When Restate server comes up, we can see that it successfully restores from the latest snapshot:
2024-09-27T15:39:27.704350Z INFO restate_partition_store::partition_store_manager
Restoring partition from snapshot
partition_id: PartitionId(0)
snapshot_id: snap_16mzxFw4Ve8MPbfVRKOwBON
lsn: Lsn(9636)
on rt:pp-0
2024-09-27T15:39:27.704415Z INFO restate_partition_store::partition_store_manager
Initializing partition store from snapshot
partition_id: PartitionId(0)
min_applied_lsn: Lsn(9636)
on rt:pp-0
2024-09-27T15:39:27.717951Z INFO restate_worker::partition
PartitionProcessor starting up.
on rt:pp-0
in restate_worker::partition::run
partition_id: 0
I'm not sure how this ties into the bigger picture for partition store recovery, so maybe we should hide the configuration option until we have an end-to-end design specced out. The primary unanswered question is about who makes the decision and where does the knowledge about the snapshot come from. One option is cluster controller passing this information down through the attachment plan, or whether it's self-decided like how you are proposing here.

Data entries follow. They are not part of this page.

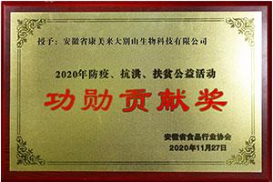 榮獲:安徽省食品行業(yè)2020年防疫、抗洪、扶貧公益活動“功勛貢獻獎”
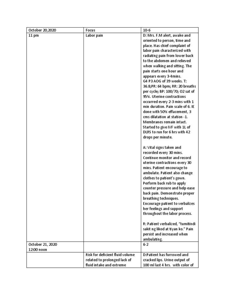 11 pm Labor pain D: Mrs. F.M alert, awake and
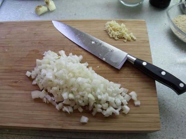 Cortar la cebolla y el ajo para yum óptimo. Prefiero mi ajo picado muy finos, y los trozos de cebolla no tienen que ser mucho más pequeño que un guisante.
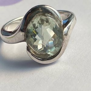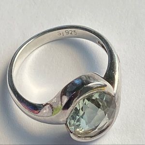 Sterling silver bezel set pastel green Quartz ring sometimes called green amethyst
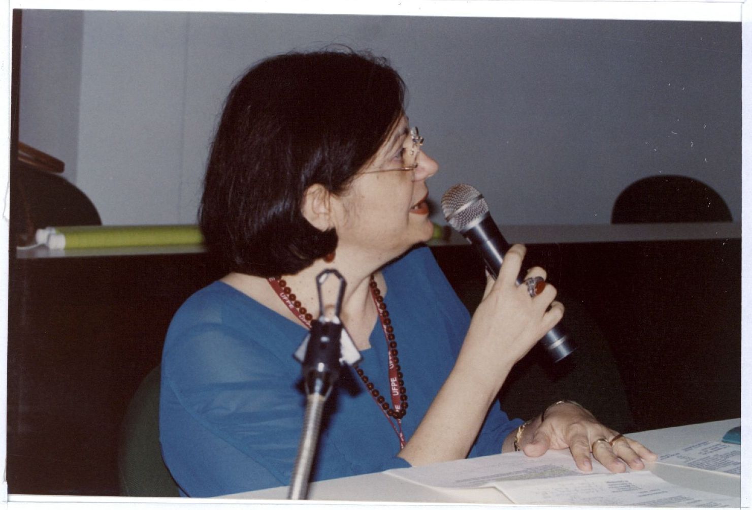 Descrição: | Fotografia em cores onde é possível visualizar Ana Arcoverde em momento de fala ao microfone na mesa diretiva do evento Saber Viver. No verso da foto consta um adesivo da ASCOM com a seguinte informação: "Assessoria de Comunicação Social – UFPE Nome: Ana Arcoverde; Evento/Pessoa: Saber Viver; Fotógrafo: Xavana Celesmah; 13.12.05”. |
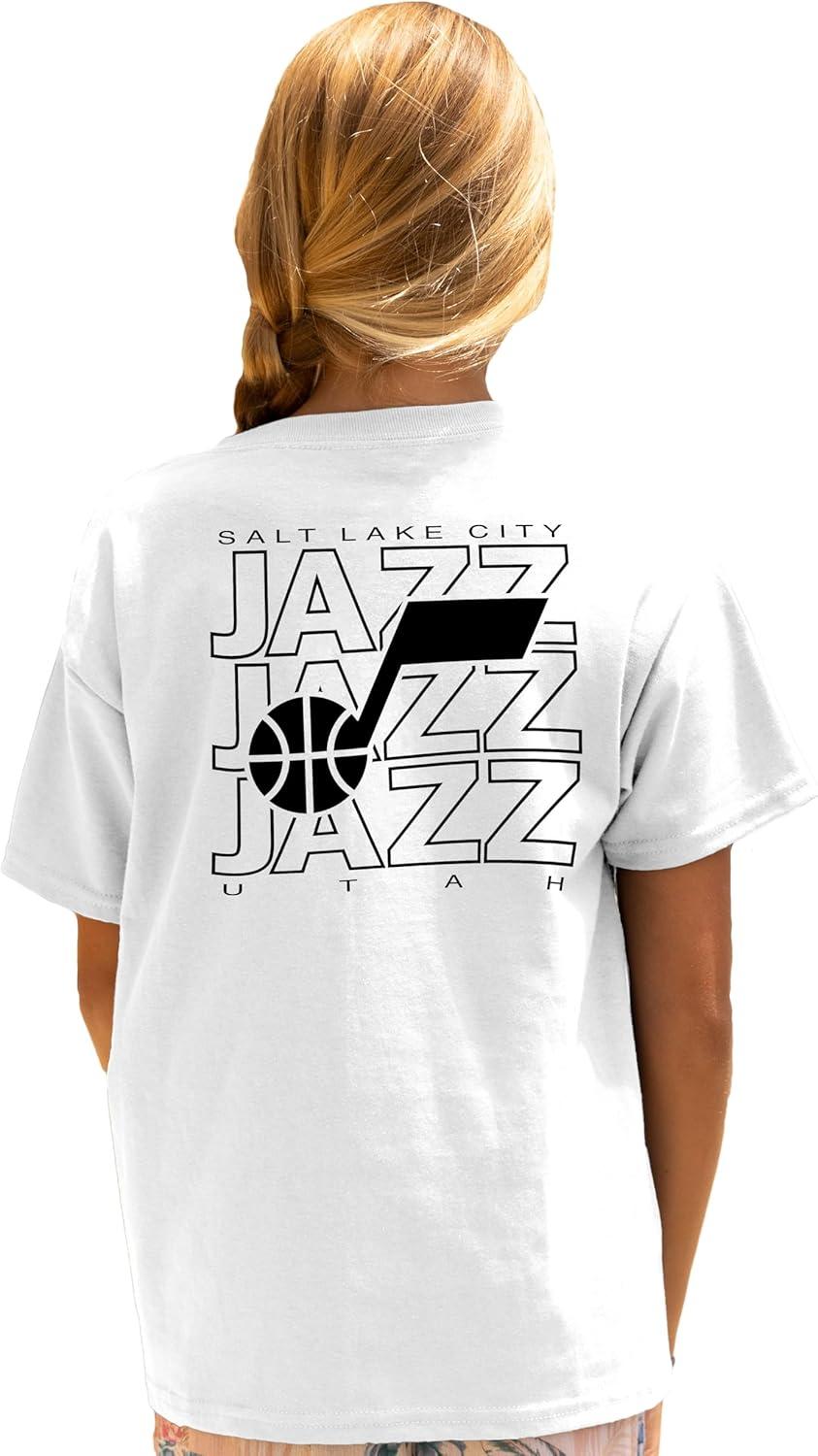 Blue 84 Unisex Kid’s NBA Officially Licensed Youth T-Shirt Front/Back Press White(White)
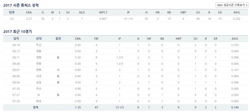 일단 직전경기는 어제 1이닝 15개투구 11개 스트 1안타 2삼진 기록했습니다..
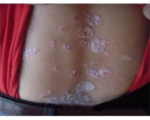 这些牛皮癣(银屑病)患者所产生的毁容现象,一般都是使用含有激素的外用药膏、药水,或者使用偏方后引起的。其中头部牛皮癣(银屑病)症状表现的最为明显,也是这些症状中最容易导致毁容的类型,一般患者在发生脸部或者头部牛皮癣(银屑病)时,急于把症状祛除,因而去使用了药膏、药水等外用药,但是这些药物中含有激素成份,激素一个较明显的副作用就是会使毛发加粗加重。患者若是长期使用药膏涂抹,则可能使汗毛加粗加重变黑,看起来和胡须越来越像。有些患者在使用这些激素类药物之后加重了病情诱发严重型牛皮癣(银屑病),如:红皮型牛皮癣(银屑病),这时候全身布满红斑很是吓人。也可能导致患者诱发脓包型牛皮癣(银屑病),这时候患者脸上也会出现一个个脓包看起来也相当的可怕,因此患者在治疗时要慎重选择药物。
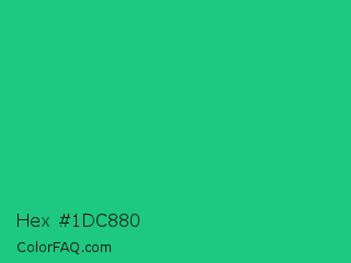 Hex #1dc880 Color is a normal green color and the nearest color is Mountain Meadow Crayola #1ab385. Hex code #1dc880 and RGB value is rgb(29,200,128). In RGB color space, this color is composed of 11% red, 78% green, 50% blue, In CMYK color space, this color is composed of 86% cyan, 0% magenta, 36% yellow , 22% black , In HSL color space, this color has a hue angle of 155° , 75% saturation and 45% lightness.
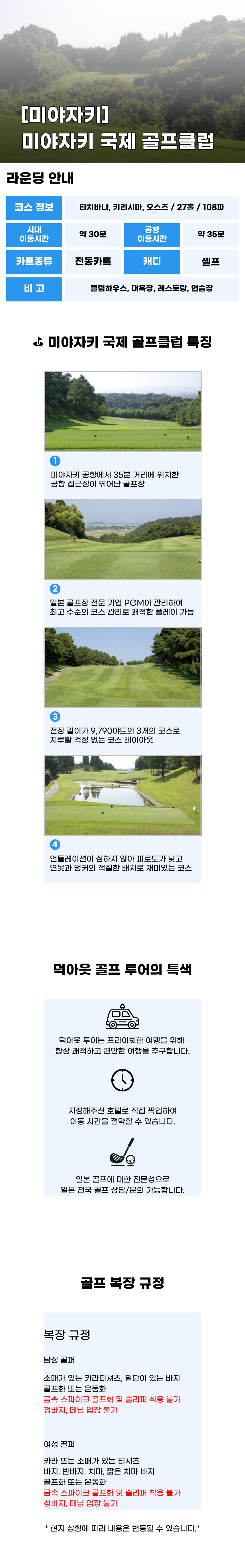 [미야자키 골프 투어] 미야자키 국제 컨트리 클럽 18홀 라운딩 (왕복 픽업 선택가능)
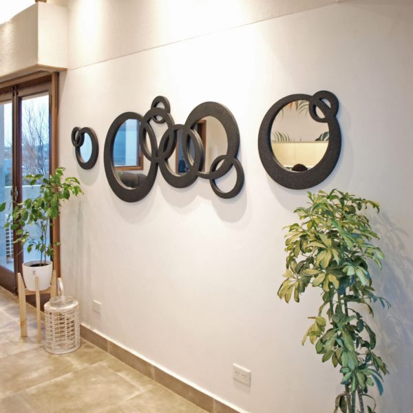 Espejos CIRCULOS 200mm x 90mm medida exterior del conjunto texturado GRIS PLATA
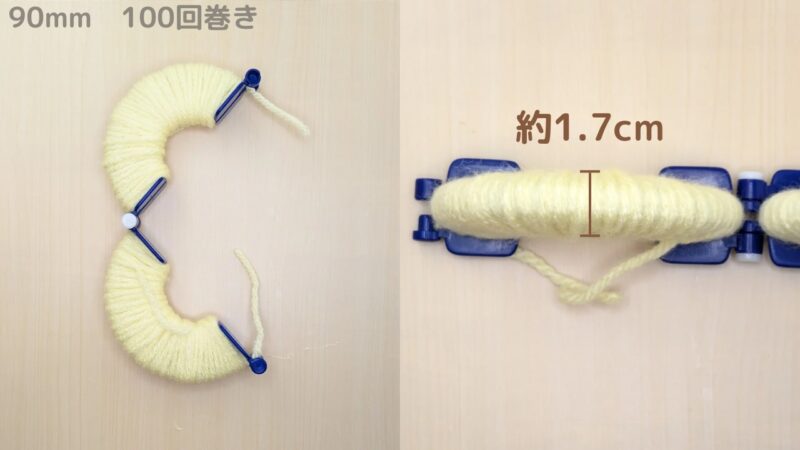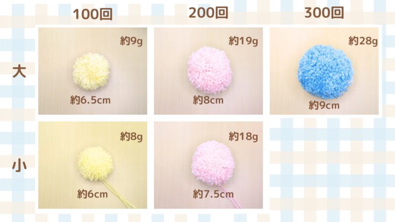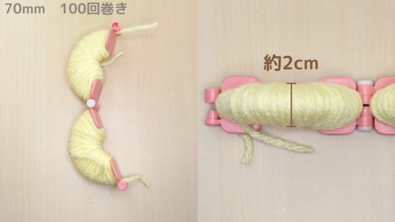ダイソーのポンポンメーカーで巻く回数変えてボリューム比較してみたダイソーポンポン作り方。
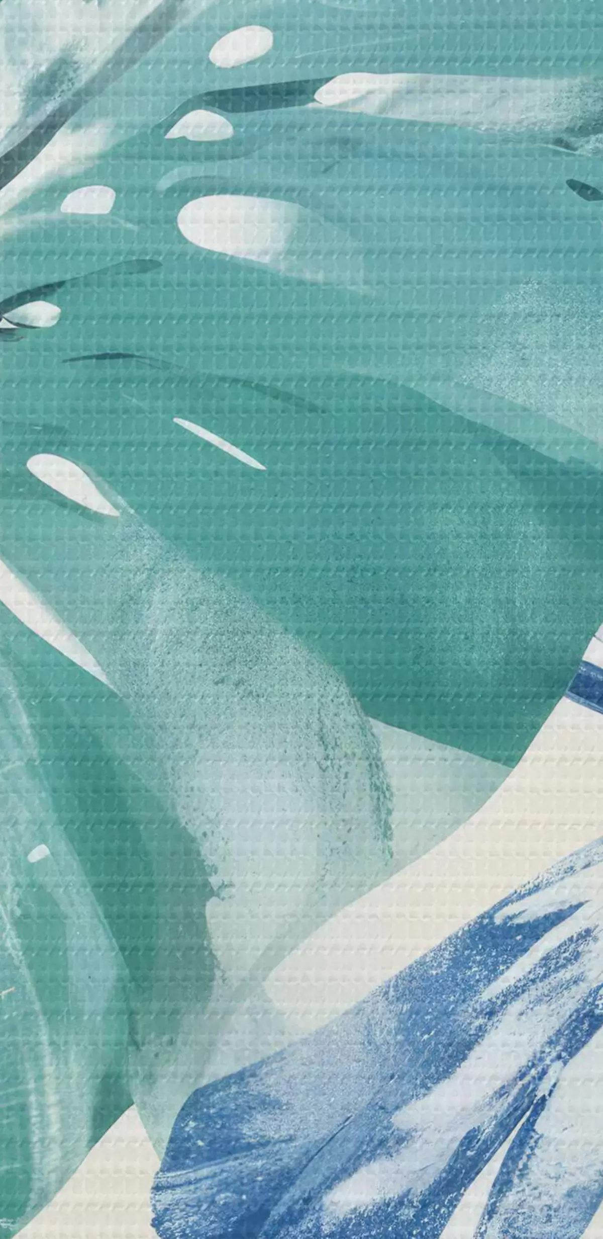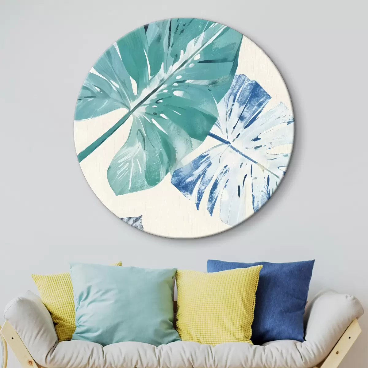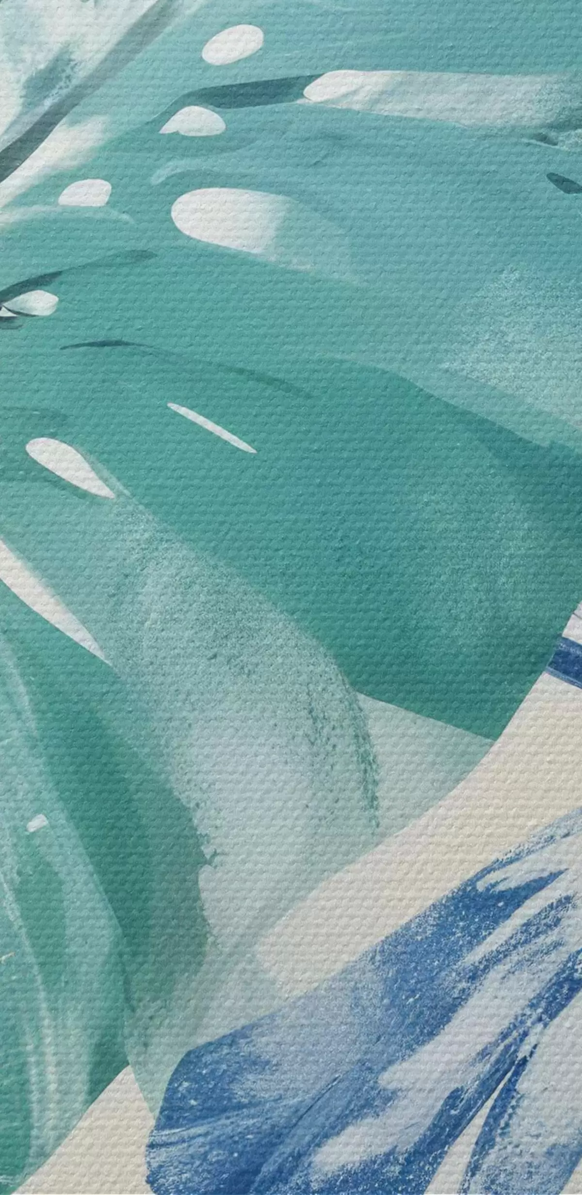 Obrázok Tlač s veľkými tropickými listami v odtieňoch modrej a zelenej na svetlom pozadí Nr r40608
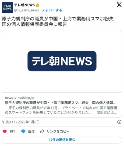 中国観光に行った原子力規制庁の職員、業務用のスマートフォンを中国にて紛失

I can see one fallback strategy which follows your proposal, i.e. if we don't have a local partition store, and we didn't get information about a snapshot to restore, then try and fetch one. But I guess we'll need to check the trim point of the log to figure if the snapshot we have is good enough or not before we commit to being a follower or leader.
In chatting with @tillrohrmann this morning, we figured that it's probably better to park this PR for now until we have a better idea about how the bootstrap process will fit in with the cluster control plane overall. This was useful to demo that restoring partition stores works, but it's likely not the long-term experience we want.
Closing this for now, will reopen with a clearer picture of how the CP will manage these once we get back to worker bootstrap.